Hyposalivation

from Wikipedia, the free encyclopedia

Hyposalivation (of gr. Ὑπό , 'and Lat. Saliva , saliva ', also Oligosialie) is referred to in medicine too low salivation. In humans, an amount of saliva of less than 0.1 ml / min, in the stimulated state of less than 0.7 ml / min is considered to be hyposalivation. The result is a dry mouth (xerostomia). The opposite, increased salivation, is called hypersalivation .

Causes can be:

Hyposalivation leads to insufficient moisture in the organs of the oral cavity, insufficient buffering of acids and a reduced amount of antimicrobial proteins. This promotes the development of tartar , tooth decay , ulcers of the oral mucosa and candidiasis and can lead to swallowing disorders .
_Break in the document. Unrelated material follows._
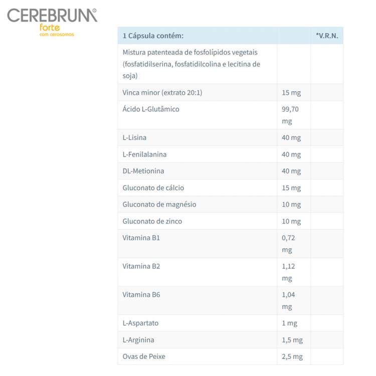 Suplemento alimentar indicado para reforçar o organismo em caso de sobrecarga de trabalho, stress laboral ou baixa produtividade. Combina a lecitina de soja com fosfatidilcolina, extractos de plantas (Vinca minor), aminoácidos, vitaminas do Complexo B e minerais para otimizar a performance cerebral. Fórmula eficaz com cerosomas que asseguram o transporte dos micronutrientes ao interior das células. Ajuda a reduzir o cansaço e fadiga. Tomar 1 cápsula antes das principais refeições.

Determination of the saliva flow rate

The determination of the saliva flow rate (sialometry) is the only objective method for the detection of an existing hyposalivation or xerostomia. The frequent consequence of dry mouth is, in particular, dental caries in the absence of the protective substances accompanying normal salivation. The normal saliva contains a number of antimicrobially active components, including a. Immunoglobulin A ( antibody ), lysozyme ( enzyme ), lactoferrin and histatin ( protein ).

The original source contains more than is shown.